Content starts

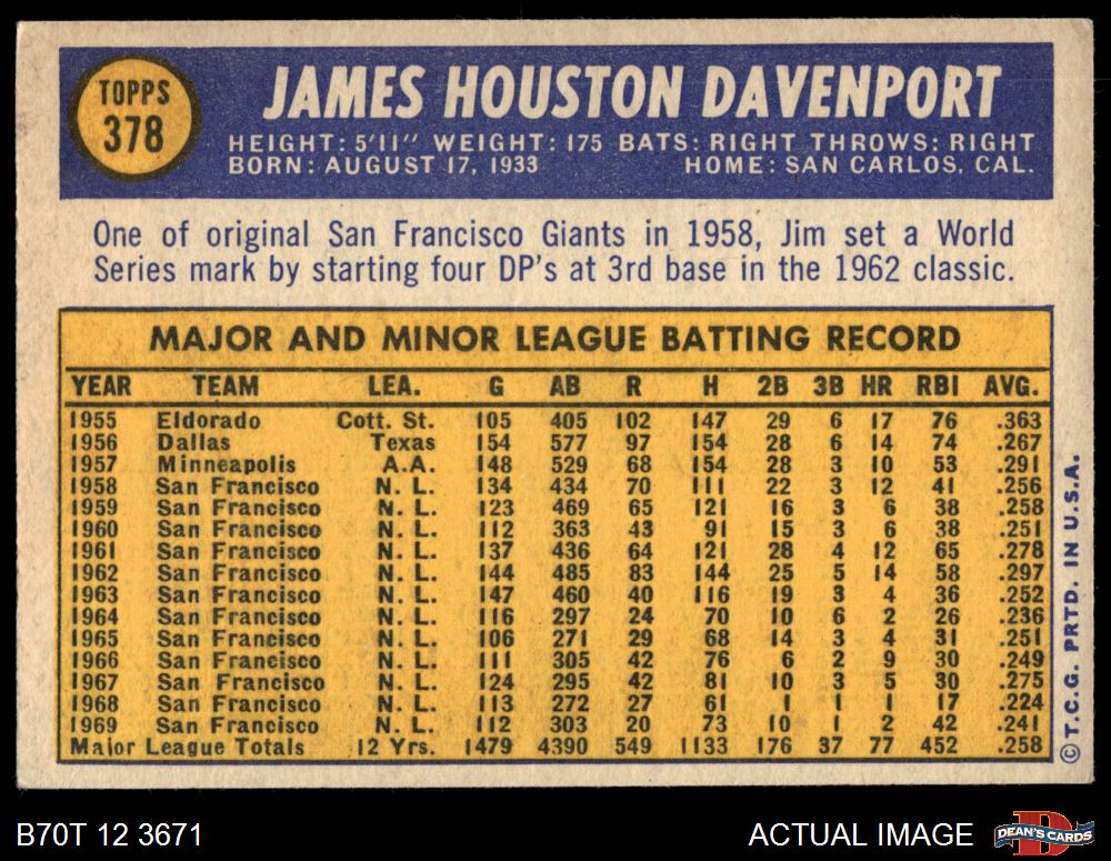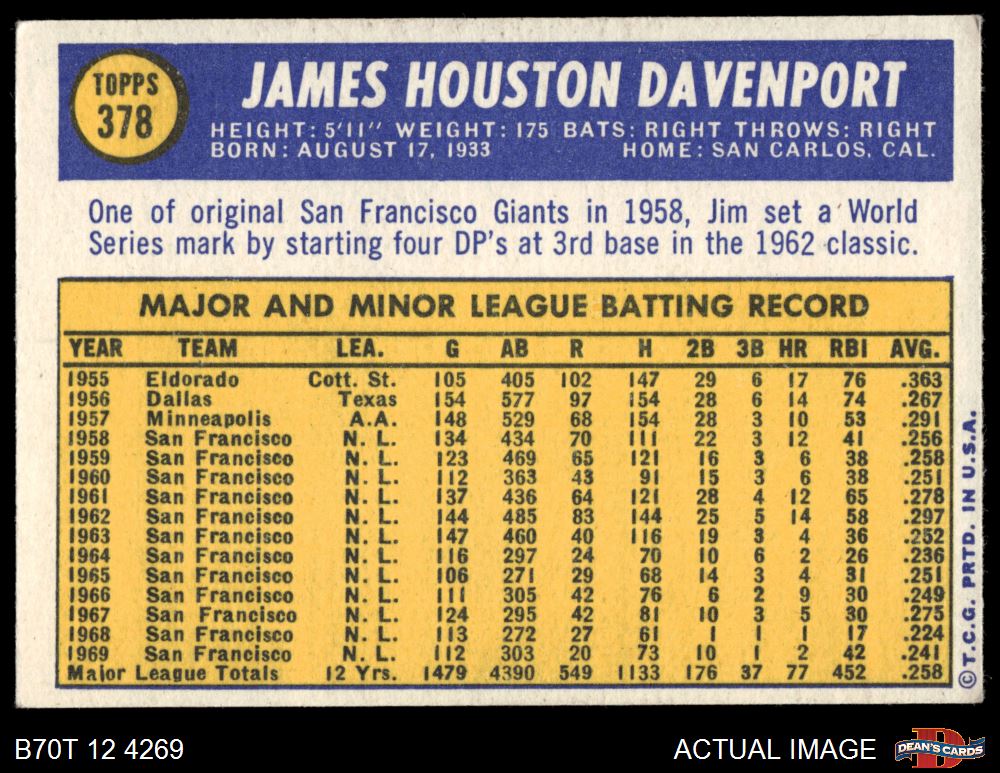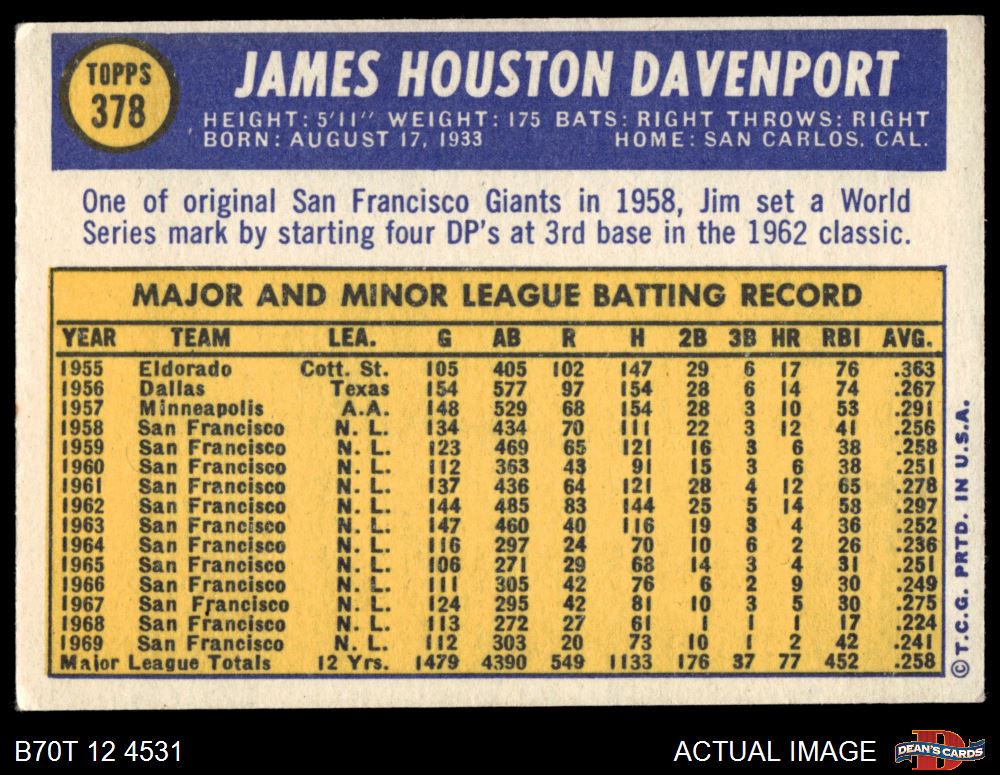 1970 Topps #378 Jim Davenport
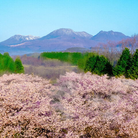 くじゅう連山の麓にある東京ドーム約2個分もの広大な敷地に、約2600本の桜が咲き乱れます。大漁桜・コ...
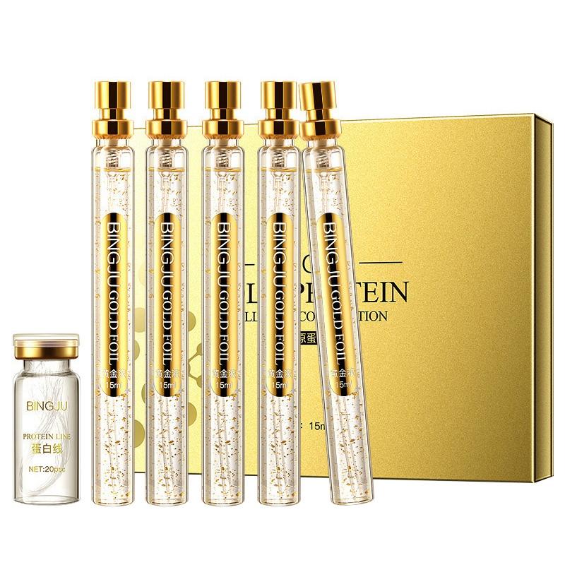 Protein Line и Gold Foil Liquid Set Сыворотка для лица Активный растворимый коллаген Шелковая нить
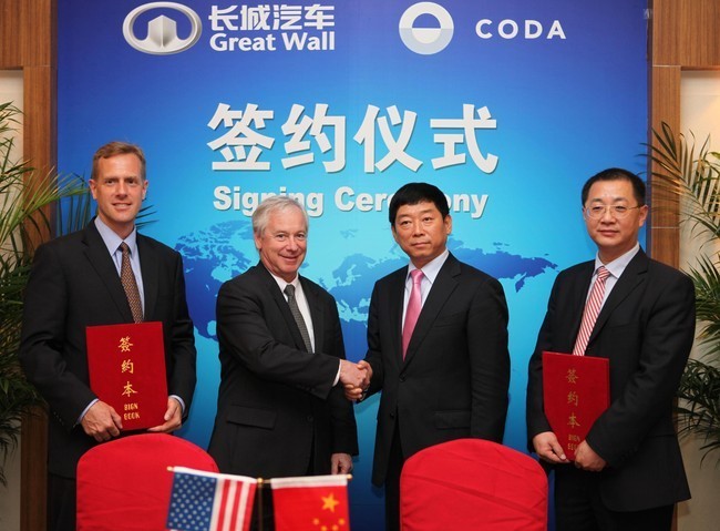 Los responsables de Coda Automotive, a quienes vemos en esta foto al firmar hace un año un contrato con Great Wall Motors Company para colaborar en el desarrollo de coches eléctricos, han decidido abandonar definitivamente la fabricación de vehículos y en el futuro se dedicarán exclusivamente al almacenamiento de energía. Para acometer esta reorientación, Coda se ha acogido a un plan de quiebra que le permitirá vender y refinanciarse en cuestión de 45 días.
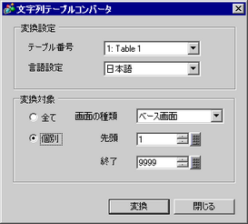 [文字列テーブルコンバータ]ダイアログボックスが表示されるので、変換先のテーブル番号と変換対象を選択します。(例 : [変換テーブル番号]1: Table 1、[変換対象]個別)

Content ends

EXERCISE PROMPT:
Copy exactly, please, the lines that run from the line holding "くじゅう連山の麓にある東京ド" through the closing line of the material above, omitting every picture.

RESPONSE:
 くじゅう連山の麓にある東京ドーム約2個分もの広大な敷地に、約2600本の桜が咲き乱れます。大漁桜・コ...
 Protein Line и Gold Foil Liquid Set Сыворотка для лица Активный растворимый коллаген Шелковая нить
 Los responsables de Coda Automotive, a quienes vemos en esta foto al firmar hace un año un contrato con Great Wall Motors Company para colaborar en el desarrollo de coches eléctricos, han decidido abandonar definitivamente la fabricación de vehículos y en el futuro se dedicarán exclusivamente al almacenamiento de energía. Para acometer esta reorientación, Coda se ha acogido a un plan de quiebra que le permitirá vender y refinanciarse en cuestión de 45 días.
 [文字列テーブルコンバータ]ダイアログボックスが表示されるので、変換先のテーブル番号と変換対象を選択します。(例 : [変換テーブル番号]1: Table 1、[変換対象]個別)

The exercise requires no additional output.